One important limitation: despite its precision, DEXA cannot distinguish between visceral fat and subcutaneous fat in the same region. It estimates visceral fat in the abdominal area, but if you need a truly detailed map of fat compartments, CT or MRI scans are the only methods that can separate those layers. Those imaging methods are expensive and rarely used for routine body composition testing.
What the Numbers Mean
Once you have a body fat reading, you need context. The American Council on Exercise classifies body fat into broad categories. For women, 25% to 31% is typical for an average non-athlete, while 21% to 24% falls in the fitness range. Female athletes generally carry 14% to 20%. Below 14% in women is considered dangerously low and carries health risks including hormonal disruption and bone loss.
For men, 18% to 24% is average, 14% to 17% falls in the fitness category, and athletes typically range from 6% to 13%. Below 6% in men is similarly risky. Essential fat, the minimum your body needs to function, accounts for about 10% to 13% in women and 2% to 5% in men. These ranges exist because women carry more essential fat for reproductive and hormonal functions.
Picking the Right Method for Your Goals
If you just want a general idea of where you stand, the Navy formula or a BIA smart scale will get you in the right neighborhood for free or close to it. If you’re starting a structured training or nutrition program and want to track real changes, calipers or a Bod Pod give you more reliable data to compare over time. If you want a comprehensive snapshot of your body composition, including regional fat distribution and muscle mass, a DEXA scan is the best widely available option.

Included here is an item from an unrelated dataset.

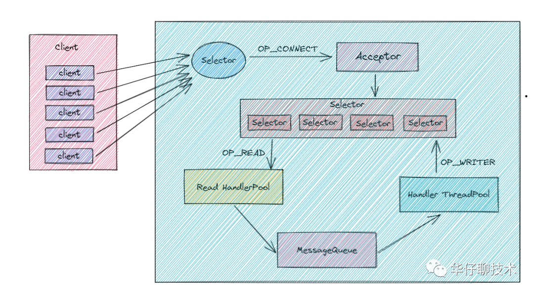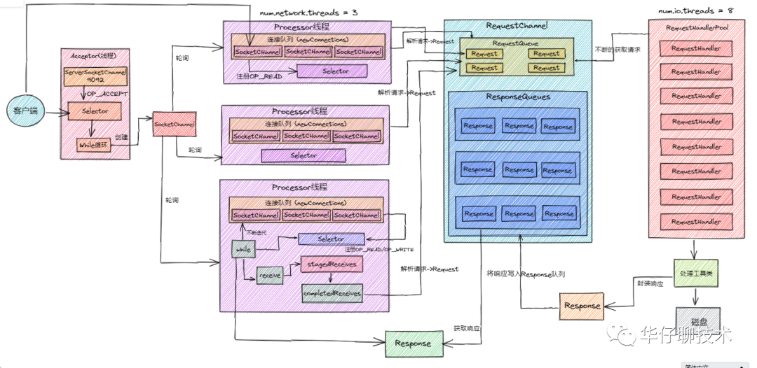 2) 在第一层架构中有3个一模一样的Processor线程, 这个线程的里面都有一个连接队列,里面存放socketchannel, 存放规则为轮询存放, 随着请求的不断增加, 连接队列里面就会有很多个socketchannel, 这个时候socketchannel就会在每个selector上面注册OP_READ事件, 参考上图第一层的第三个Processor线程, 即每个线程里面还有一个while循环会遍历每个socketchannel, 监听到事件后就会接收到客户端发送过来的请求, 这个时候Processor线程会对请求进行解析(发送过来的请求是二进制的, 上面已经说过, 跨网络传输需要进行序列化) , 并解析封装成Request对象发送到上图所示的网络第二层架构中。
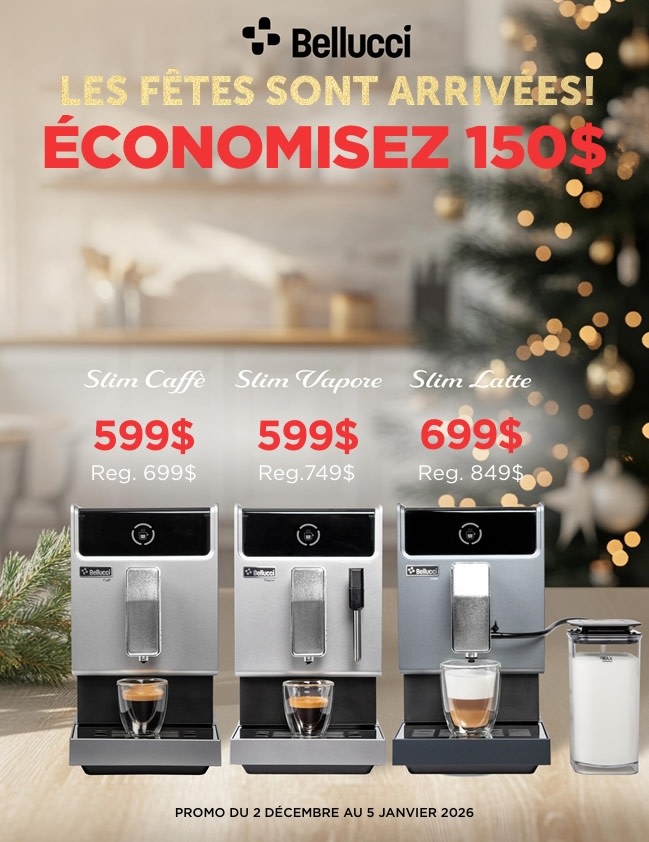 Doté d’un groupe café surdimensionné breveté et facile à nettoyer, d’un système d’extraction puissant de 19 bars et d’un moulin à meules en acier inoxydables, les Bellucci Slim épatent par leurs performances dans un si petit format!

Whichever method you choose, consistency matters more than precision. Use the same method, the same device or facility, and test under the same conditions each time. A BIA scale that’s off by 3 percentage points can still show you a meaningful trend if you always step on it first thing in the morning before eating.
How Often to Retest
Body composition changes slowly, and testing too frequently turns normal daily fluctuations into false signals. If you’re actively working to lose fat, retesting every 4 to 6 weeks gives your body enough time to show measurable change. If you’re focused on building muscle, every 6 to 8 weeks is more appropriate since lean mass accumulates gradually. If you’re maintaining your weight or just checking in periodically, every 2 to 3 months is plenty. The goal is to track trends across multiple data points, not to react to any single reading.